Из-за этого мы с трудом понимаем, куда движется экономика. В результате у нас к моменту, когда количество безработных условно становится равным нулю, вдруг появляются государственные документы, согласно которым рынок труда восстановится через три года. И под эту цель начинают верстать определенные программы. И они продолжают выполняться, потому что под них выделены бюджетные средства. А то, что все эти меры и документы, по большому счету, полная профанация, никого не интересует. Главное же, что цели «выполняются». Это же полный абсурд.
— Как вы оцениваете отечественный рынок труда через 20 лет? Заменят ли нас всех роботы или искусственный интеллект?
— До 2020 года не только я, но и большинство футурологов в один голос говорили, что к 2025-30 годам в мире возникнет дикая безработица. Все отрасли роботизируются, а огромное число людей потеряет прежние места работы. До июня 2020 года многие придерживались этого мнения. Однако, несмотря на потерю работы огромным число людей в связи с ковидом, вдруг на глобальном рынке труда возникло столь же большее количество неквалифицированной занятости вокруг далеко не самых востребованных ранее отраслей, включая сферу доставки.
Эти области впитали в себя огромное количество людей. В одночасье возник дичайший спрос на неквалифицированную рабочую силу, а оплачиваться такие работы стали даже лучше, чем более квалифицированные. То есть, ходить курьером на свежем воздухе, получая чаевые, стало выгоднее, чем работать блинопеком в условном «Теремке», где вы стоите у горячей плиты с утра до вечера. Плюс, сейчас нужно кому-то самокаты расставлять, а потом их собирать или заряжать. На подобные специальности вдруг резко вырос спрос. Для этого вовсе не нужно высшее образование, годится, если у вас просто есть руки и ноги. И таких вакансий в сфере услуг стало за последнее время значительно больше.
В итоге сейчас все футурологи вовсе не так уверены, что в ближайшие годы водителей такси заменят автопилоты и т.д. В этом вопросе я уже не столь категоричен, как ранее.

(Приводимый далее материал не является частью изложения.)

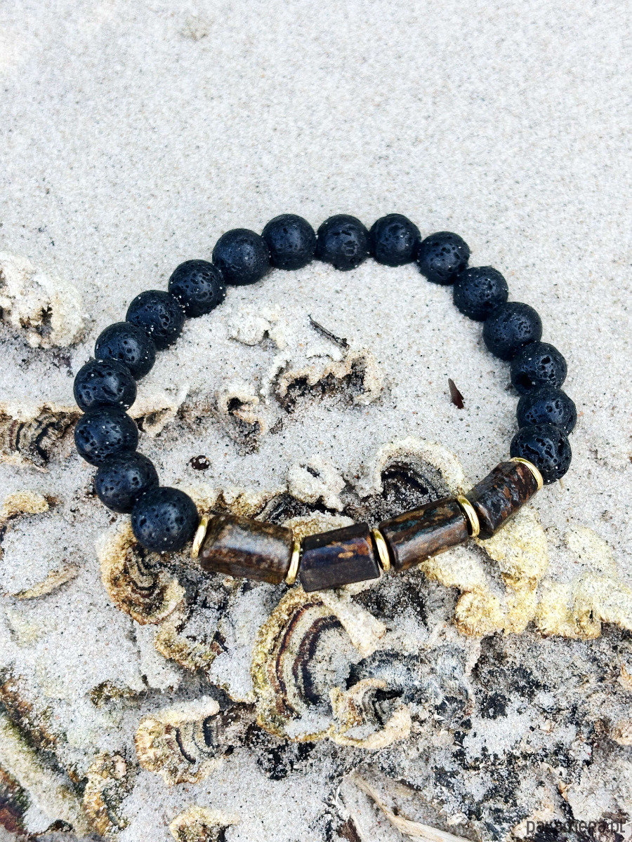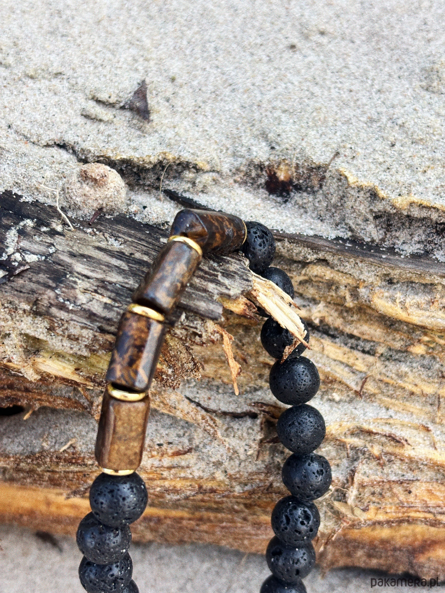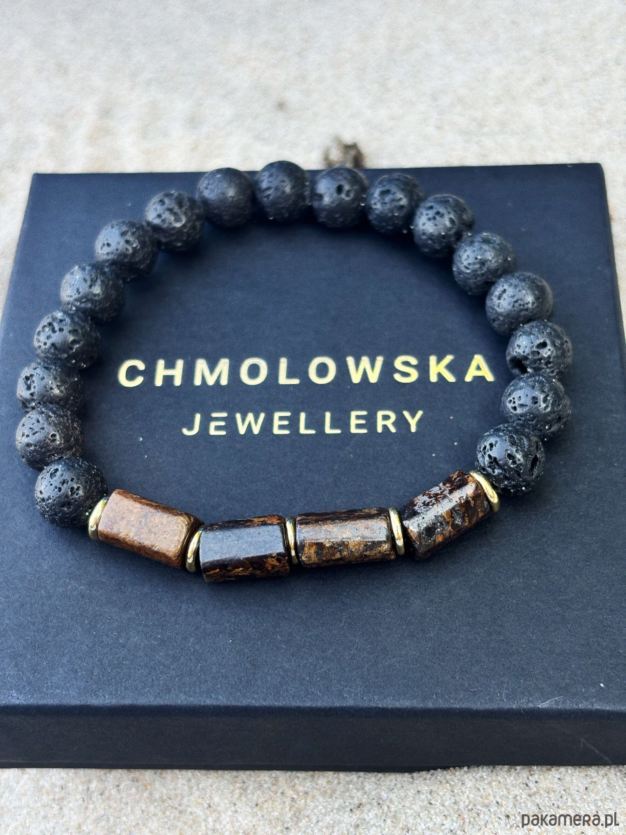 Bransoletka wykonana jest na gumce jubilerskiej z użyciem kamieni bronzyt i lawa, a także pozłacanych przekładek.

Как ситуация будет развиваться дальше — во многом зависит от государственной регуляторики. Можем ли мы сделать так, чтобы Москву перевести на беспилотное такси в ближайшие три года? Технологически можно, но сам город к этому не готов.
Человечество готово быть во многих областях более эффективными, перейти технологически на полную роботизацию. Но психологически и инфрастуктурно с этим большие проблемы. Поэтому замена людей на машины будет медленным и плавным процессом.